Saved entries:
==================================================
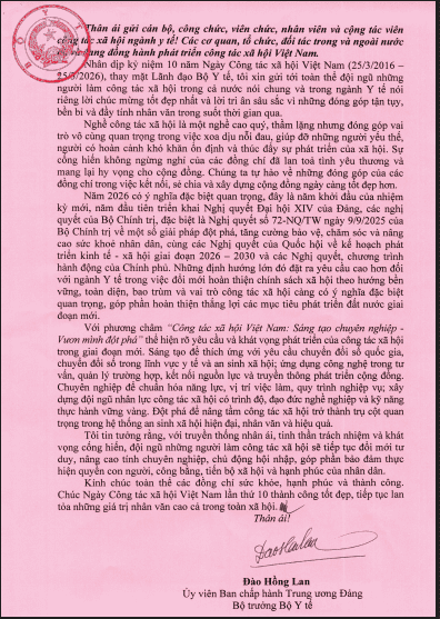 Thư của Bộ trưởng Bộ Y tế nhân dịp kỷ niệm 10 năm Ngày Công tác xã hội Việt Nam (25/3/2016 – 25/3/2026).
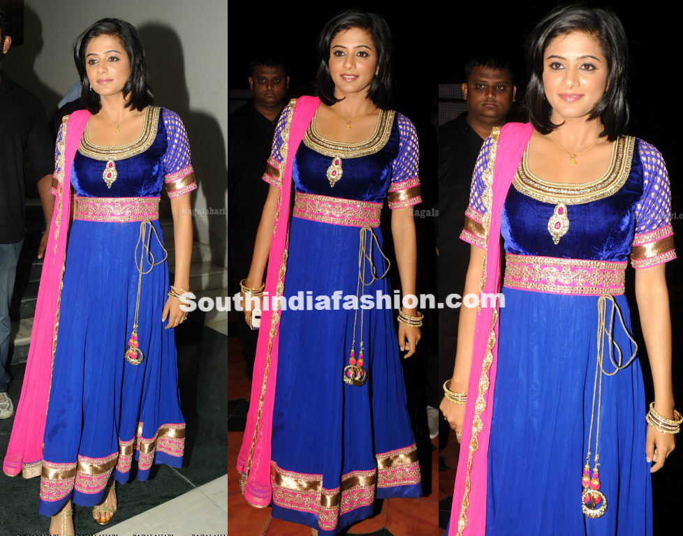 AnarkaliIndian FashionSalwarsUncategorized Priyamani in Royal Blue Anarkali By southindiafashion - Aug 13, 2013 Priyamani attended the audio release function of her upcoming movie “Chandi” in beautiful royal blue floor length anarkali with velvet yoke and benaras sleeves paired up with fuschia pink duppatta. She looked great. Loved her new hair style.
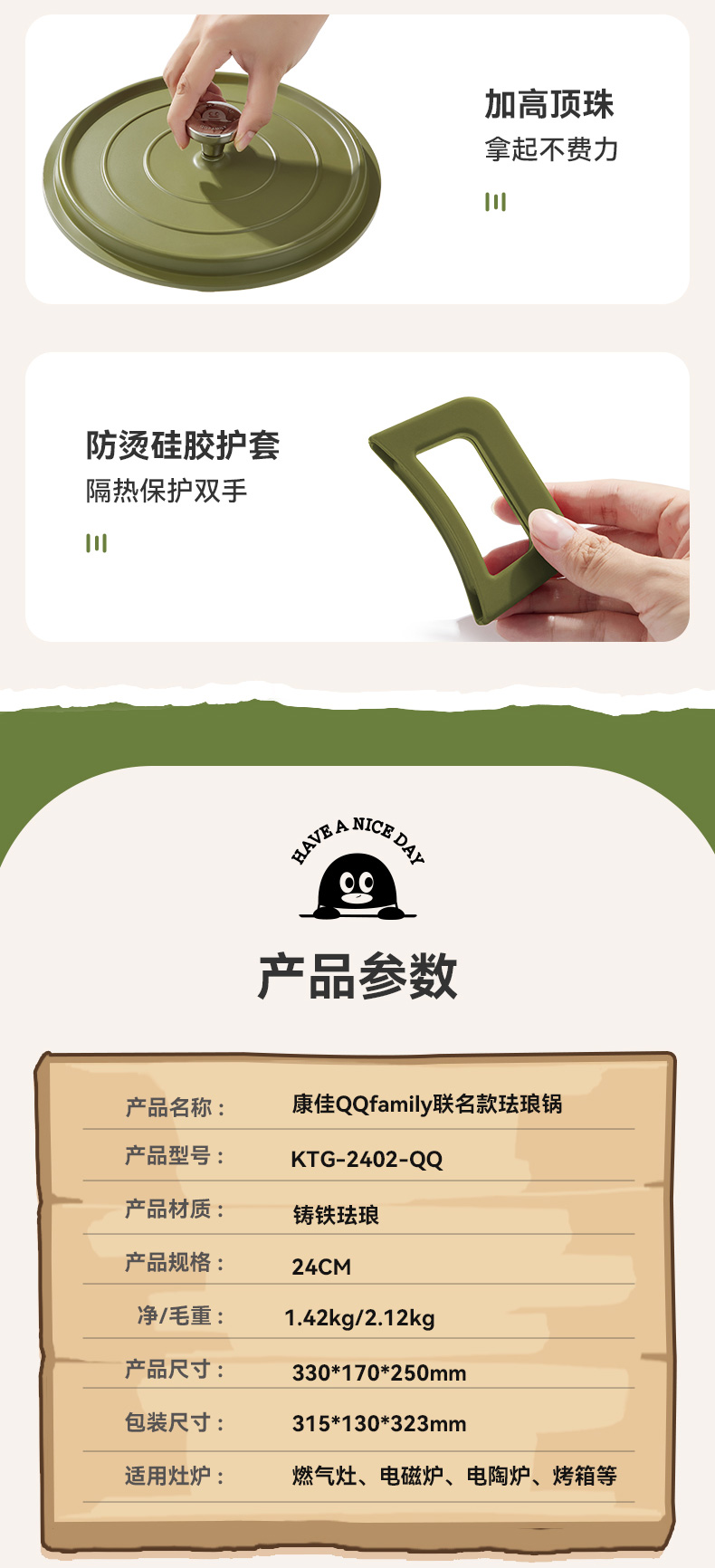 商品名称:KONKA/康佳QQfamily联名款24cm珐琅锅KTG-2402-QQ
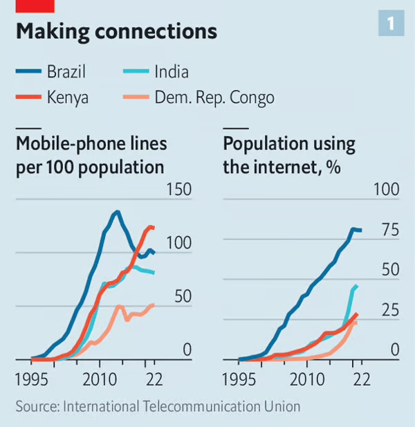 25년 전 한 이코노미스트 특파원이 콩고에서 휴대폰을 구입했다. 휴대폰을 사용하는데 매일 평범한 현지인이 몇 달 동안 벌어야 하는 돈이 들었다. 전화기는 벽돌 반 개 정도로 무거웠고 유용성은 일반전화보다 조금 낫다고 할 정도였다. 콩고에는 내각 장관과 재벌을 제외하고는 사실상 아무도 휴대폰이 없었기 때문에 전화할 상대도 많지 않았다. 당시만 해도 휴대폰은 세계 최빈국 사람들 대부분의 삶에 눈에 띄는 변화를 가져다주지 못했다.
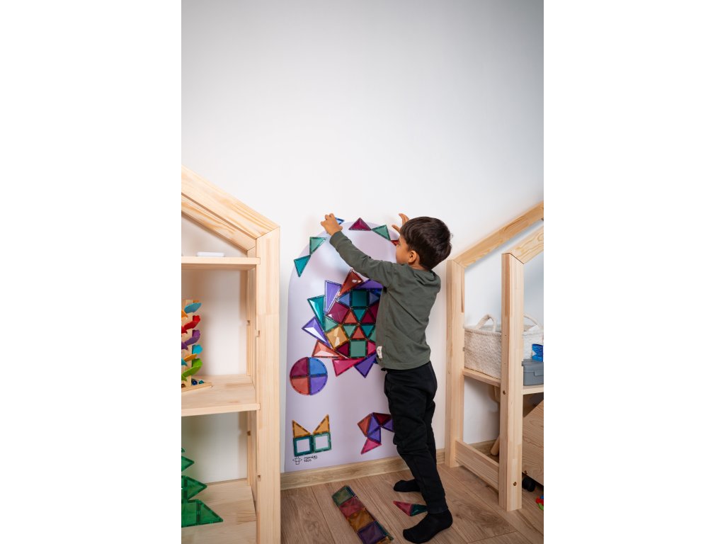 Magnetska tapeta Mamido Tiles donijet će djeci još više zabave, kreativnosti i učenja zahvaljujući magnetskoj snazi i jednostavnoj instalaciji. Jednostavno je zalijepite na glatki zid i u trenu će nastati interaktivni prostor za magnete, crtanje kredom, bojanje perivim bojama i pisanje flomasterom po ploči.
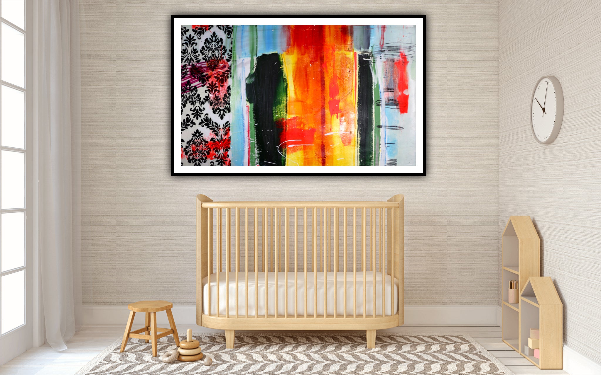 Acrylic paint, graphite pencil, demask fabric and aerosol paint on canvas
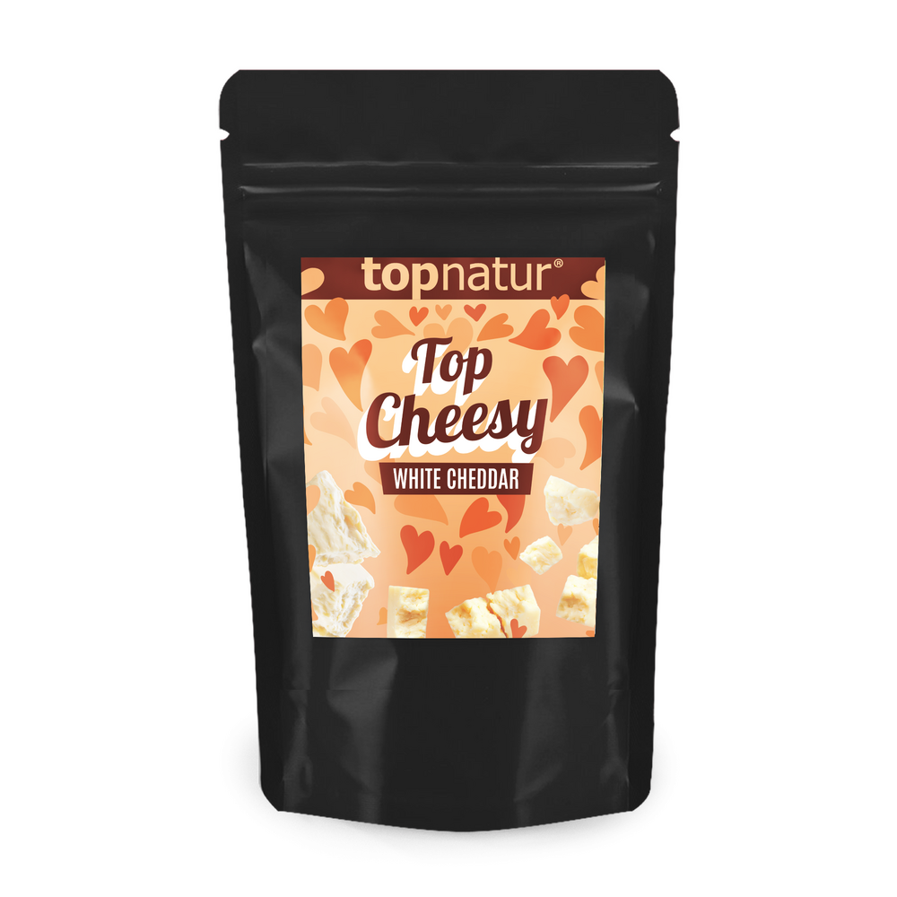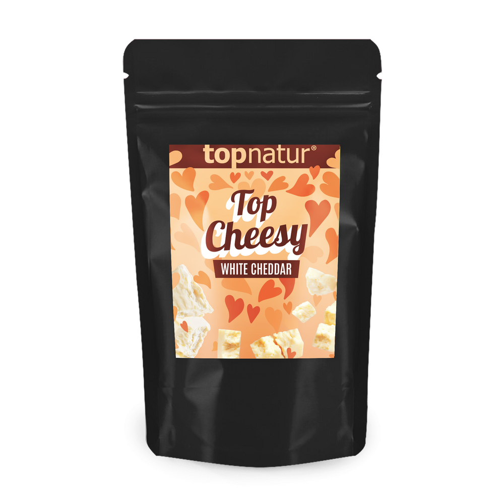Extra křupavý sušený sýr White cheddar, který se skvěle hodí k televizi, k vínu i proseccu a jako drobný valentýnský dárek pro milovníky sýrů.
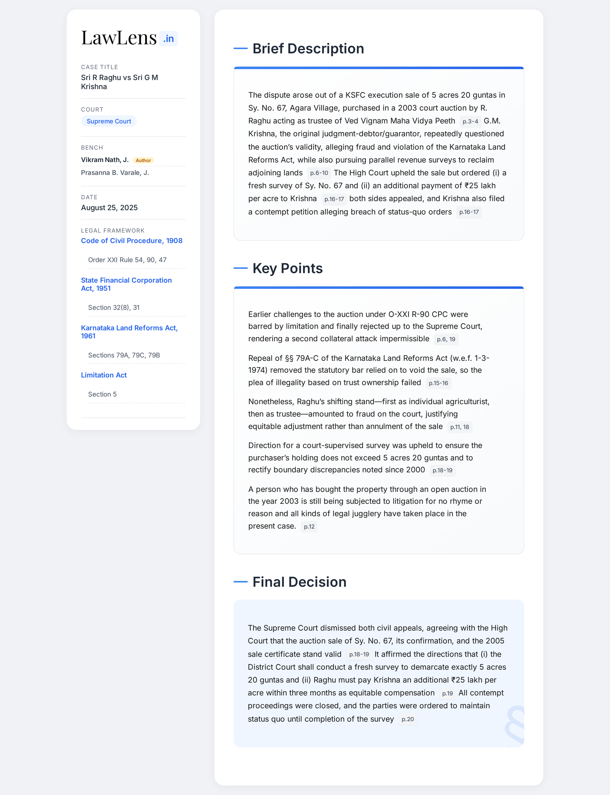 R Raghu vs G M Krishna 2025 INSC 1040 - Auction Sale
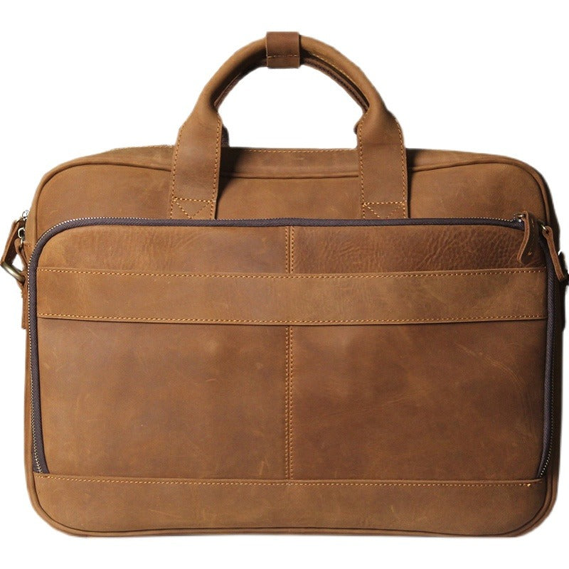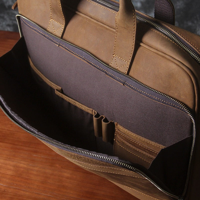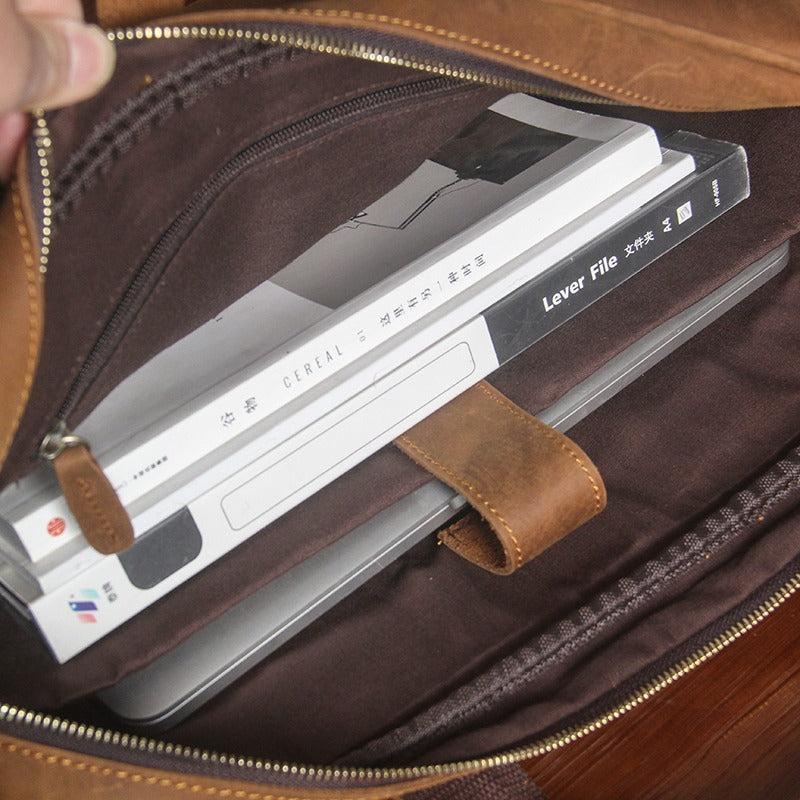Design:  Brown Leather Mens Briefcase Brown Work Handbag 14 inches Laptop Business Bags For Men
==================================================
Brief: The lines from the one containing "R Raghu vs G" through the end of the data above are to be copied exactly, both ends included, and pictures are to be omitted.

Answer to this task:
 R Raghu vs G M Krishna 2025 INSC 1040 - Auction Sale
Design:  Brown Leather Mens Briefcase Brown Work Handbag 14 inches Laptop Business Bags For Men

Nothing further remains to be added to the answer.